First-time homebuyer programs have flexible qualifying guidelines to make buying your first home possible. The definition of "first-time homebuyer" can vary, but program providers typically use the Department of Housing and Urban Development's definition. First-time homebuyers have not held an ownership interest in a property in the last three years, including a residence owned by a spouse. You have to meet certain criteria to buy as a first-timer if your wife currently owns a home.
If you don't currently own any home and have not held ownership interest within the last three years, you may qualify as a first-time home buyer. However, there are other conditions to be aware of.

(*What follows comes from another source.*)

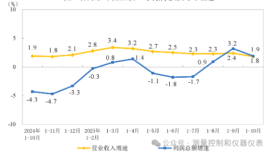 11月27日,国家统计局公布了2025年1-10月份全国规模以上工业企业实现利润总额增长状况。1-10月份,全国规模以上工业企业实现利润总额59502.9亿元,同比增长1.9%。其中,1-10月份,仪器仪表制造业营业收入8675.8亿元,同比增长4.4%,实现利润总额843.6亿元,同比增长3.3%。

HUD's Definition of First-Time Homebuyer
HUD allows you to qualify as a first-time homebuyer even if your wife currently owns a primary residence; however, you cannot currently own that home or any other primary residence with her. You may not have your name on the title of any home used as your primary residence within the past three years. This three-year countdown begins upon selling or otherwise removing your name from any primary residence's title and prevents you from closing escrow any sooner than three years from that date. The three-year rule is used by lenders and government-assistance programs to prevent investors from using first-time homebuyer programs.
Multiple Conditions Apply
You qualify for first-time homebuyer status if you have never owned a home before, even if your wife currently owns. HUD provides other conditions under which you may still meet the first-time homebuyer requirement. You may qualify as a first-time homebuyer if:
- You are a single parent who has only owned while married to an ex-spouse.
- You are a displaced homemaker or stay-at-home dad who has only owned with a spouse.
- You currently own or previously owned a mobile home.
- You currently own or previously owned a home not up to building code which could only be brought compliant by reconstructing the home.
Marital Status Matters
HUD's definition of first-time homebuyer helps separated and divorced husbands get back into a primary residence of their own. For example, a "displaced homemaker" separates from his wife, who keeps the marital home as a result of the legal separation. The displaced husband may qualify to buy a replacement primary residence as a first-time homebuyer. Likewise, a divorced husband whose wife keeps the marital home in the divorce can buy as a first-timer.
Proving your eligibility under either of these two conditions requires that you provide legal proof of separation or divorce to the mortgage lender or program provider. This includes a final separation agreement signed by a judge or a divorce decree. These documents outline the allocation of assets between exes, such as the marital home, as well as alimony or child support that you or your wife must pay.
Your Spouse's Consent
Your wife's consent is necessary when buying a home on your own with a first-time homebuyer program. Mortgage lenders and government providers of first-time homebuyer programs require your wife to sign off on her rights to the home you purchase. Since your wife is not part of the transaction for qualifying purposes, she must quit claim to the title of your new primary residence.
Because your wife will not be named on the title of the home and cannot stake a claim to the house, the mortgage lender also protects its interest in the property. The escrow or title company handling your purchase transaction can provide a quit claim deed for your wife to sign in front of a notary public. The legal document then gets recorded in your county along with the title deed.